Middle age can be unkind to once cutting-edge performers.

Bono seems to know this. The U2 singer isn't the fresh-faced, eager-to-inspire
leader of a ragtag outfit from Ireland, nor the newly crowned heir to the rock throne,
nor even the postmodern superstar who turned stadium extravaganzas into an
ironic commentary on pop-culture idolatry and excess. He's outgrown all that.

He's a battle-tested showman, packing the full arsenal of entertainer's tricks. He
knows he doesn't need to incite the crowd. Sure, he might break a sweat jogging
around the enormous, heart-shaped catwalk of the band's Elevation tour set. He'll
reach out to accept a fan's offering of a rose, a necklace or a spangled cowboy hat,
allowing a momentary illusion of contact. Then it's on to the next move.

It's a time-honed technique: coaxing and then withdrawing, teasing but never
really putting out. Forget the Rock Star 101 ploy of thrusting the microphone into
the air to get the audience to sing along.

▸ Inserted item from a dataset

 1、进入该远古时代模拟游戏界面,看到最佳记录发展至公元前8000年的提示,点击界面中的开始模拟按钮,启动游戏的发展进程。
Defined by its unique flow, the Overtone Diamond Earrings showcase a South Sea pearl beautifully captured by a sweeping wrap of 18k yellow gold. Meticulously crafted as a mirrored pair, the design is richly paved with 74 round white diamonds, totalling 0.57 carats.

U2's fans do so without prompting, freeing
Bono to lean back and bask in the adulation.

It helps that the band he fronts has raised the arena-rock spectacle to an art form
with brilliantly conceived set design, lighting and video screens. Then there are the
musicians - The Edge churning out his trademark riffs, Larry Mullen Jr. providing
brisk, workmanlike drumming and Adam Clayton doing his nightly bit as the
anonymous bassist, plunking root notes and doing his best to stay out of the way.

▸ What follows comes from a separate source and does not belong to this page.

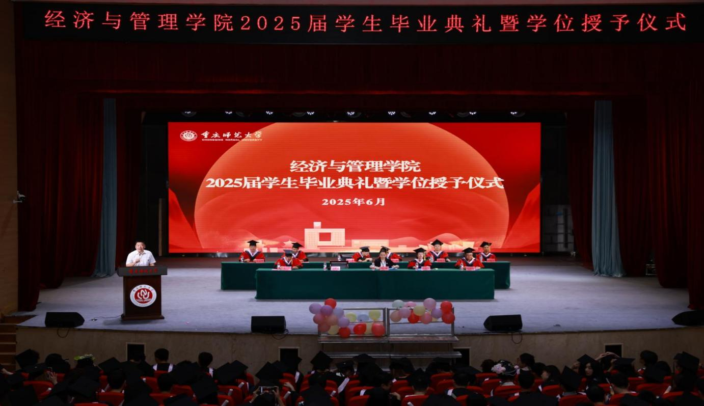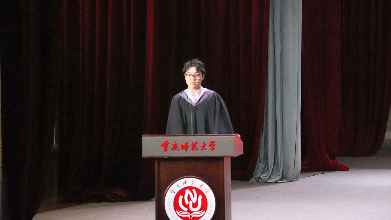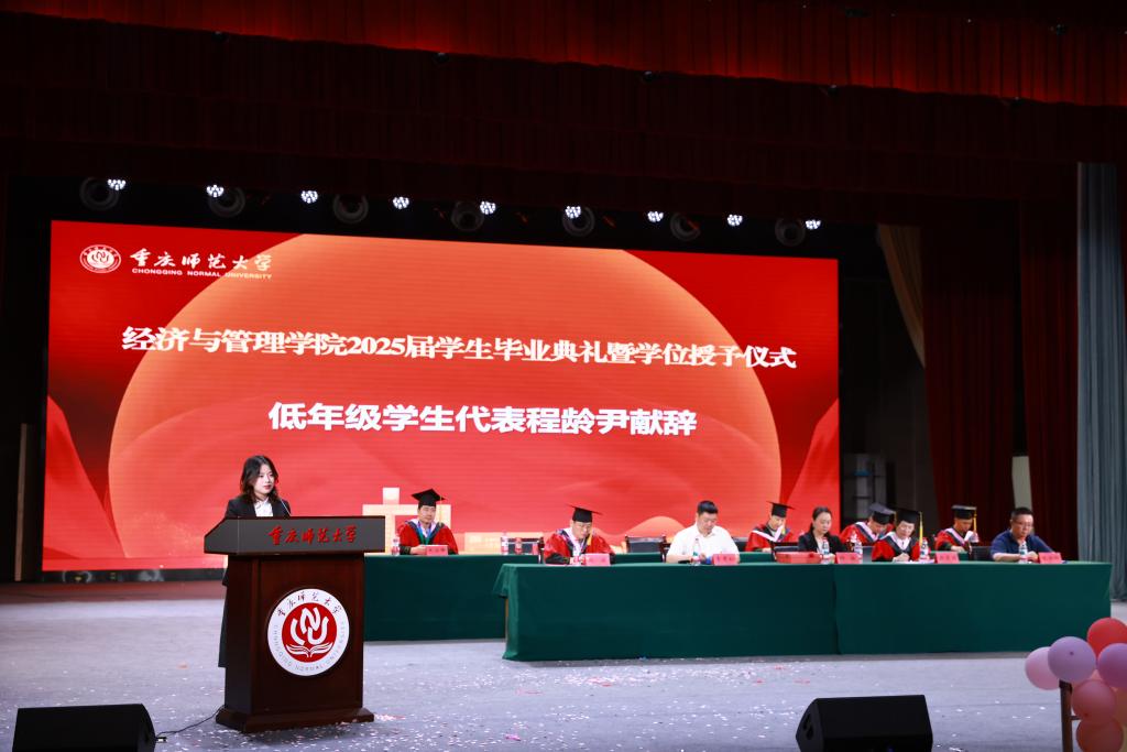 党委书记钟敏宣读了《重庆师范大学关于表彰2025届优秀大学毕业生的决定》,她赞扬优秀毕业生们在学业精进、科研创新、实践服务等方面的卓越表现,向所有受表彰同学致以最热烈的祝贺。这份荣誉,既是对过往拼搏的肯定,更是对明日征程的激励。

Combined, the performance and presentation transformed the sterile,
air-conditioned expanses of the Pond into a sweaty roadhouse, with all
18,000-plus fans - even those in the rafters - on their feet throughout.

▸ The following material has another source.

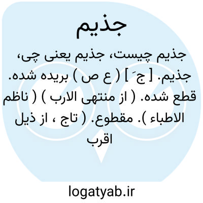 جذیم. [ ج َ ] ( ع ص ) بریده شده. قطع شده. ( از منتهی الارب ) ( ناظم الاطباء ). مقطوع. ( تاج، از ذیل اقرب الموارد ).

Those familiar with the band's set Monday would have found few surprises here.
The quirky choice of "Kite" was jettisoned in favor of more familiar tunes, "Even
Better Than the Real Thing" and "The Sweetest Thing," as well as "Gone" from the
"Pop" album.

At the prescribed point in the evening, Bono and The Edge marched to the front tip
of the catwalk to perform as an acoustic duo. This time they did a refreshing "Angel
of Harlem" and "The Ground Beneath Her Feet" instead of "Desire" and "Stay
(Faraway, So Close!)." Oh, and they dropped "I Remember You" from the final

Beyond that, it was the same show as Monday - indeed, the same as any other
date on the tour. Hardcore fans will take note of minute differences, like Bono
slipping a slice of Van Morrison's "Into the Mystic" into "Mysterious Ways." But for
anyone else, it was the same.

And sameness is not necessarily bad. Listening to the band blast its way through
"The Fly" at the end of the main set left no doubt that this was as good an
arena-rock show as people around here are likely to see for a while. Whether it's
worth $130 is a matter of personal choice (and one's tolerance for living off nothing
but ramen for several months).

Through it all, Bono entertained the crowd with subdued assurance, appearing to
expend no more energy than was essential to complete the band's mission of
sending the folks home happy. It wasn't a spill-your-guts-on-the-stage,
try-to-change-the-world performance.

Maybe it's because he's almost 40, an age when such idealistic fervor might look a
bit silly.

Sort of like if the guy in the fedora were still trying to be an angry young man.